Speech and Language Processing (second edition) Daniel Jurafsky and James H. Martin (Stanford University and University of Colorado at Boulder) Pearson Prentice Hall, 2009, xxxi+988 pp; hardbound, ISBN 978-0-13-187321-6, $115.00 Reviewed by Vlado Keselj Dalhousie University

Speech and Language Processing is a general textbook on natural language processing, with an excellent coverage of the area and an unusually broad scope of topics. It includes statistical and symbolic approaches to NLP, as well as the main methods of speech processing. I would rank it as the most appropriate introductory and reference textbook for purposes such as an introductory fourth-year undergraduate or graduate course, a general introduction for an interested reader, or an NLP reference for a researcher or other professional working in an area related to NLP. The book’s contents are organized in an order corresponding to different levels of natural language processing.
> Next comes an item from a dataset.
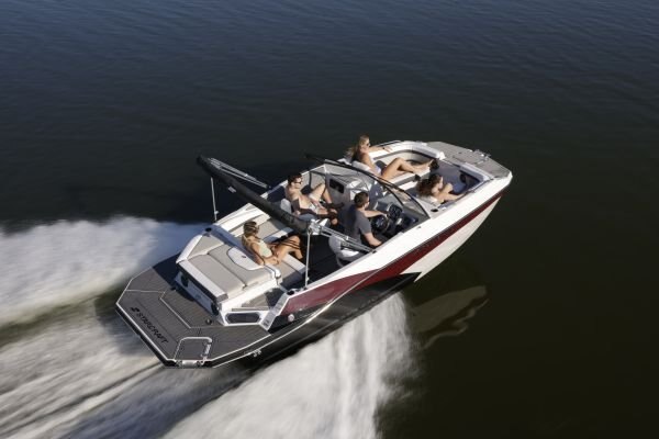 MISCELLANEOUS Docking Lights Bow Filler Cushions Anchor Kit RGB Color Changing LED Light Kit (Cupholders/Speakers/Underwater/Courtesy) Wake Tower Drop Down Curtain with Porta Potti JL Audio MM50 Stereo with Bluetooth Pressurized Water System Removable Ski Pylon Deck Mounted Ski Tow Stainless Steel Rub Rail Table & Base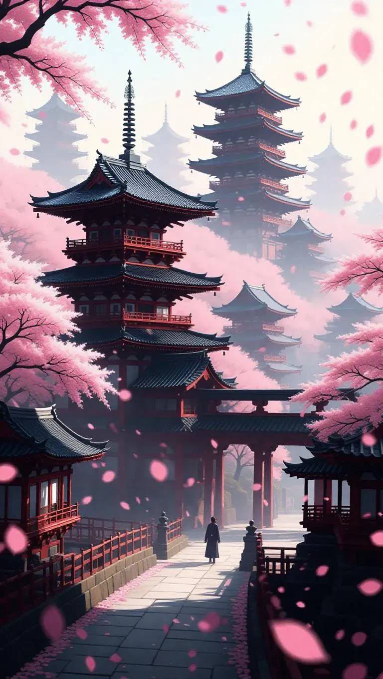 Immerse in surreal ancient Japanese architecture with AI-generated pink cherry blossoms in pastel hues. Hyperrealism meets mysticism in high-definition scroll art, blending vibrant reds, deep blacks, and ethereal grays. Transform prompts into vivid visions of Japan's ornate heritage using Vivago.ai's surreal effects.

After the introductory chapter 1, there are five parts:

r r r r r

Part I, Words: five chapters covering regular expressions, automata, words, transducers, n-grams, part-of-speech tagging, hidden Markov models, and maximum entropy models. Part II, Speech: five chapters covering phonetics, speech synthesis, recognition, and phonology. Part III, Syntax: five chapters covering a formal grammar of English, syntactic and statistical parsing, feature structures and unification, and complexity of language classes. Part IV, Semantics and Pragmatics: five chapters covering representation of meaning, computational semantics, lexical and computational lexical semantics, and computational discourse. Part V, Applications: four chapters covering information extraction, question answering, summarization, dialogue and conversational agents, and machine translation.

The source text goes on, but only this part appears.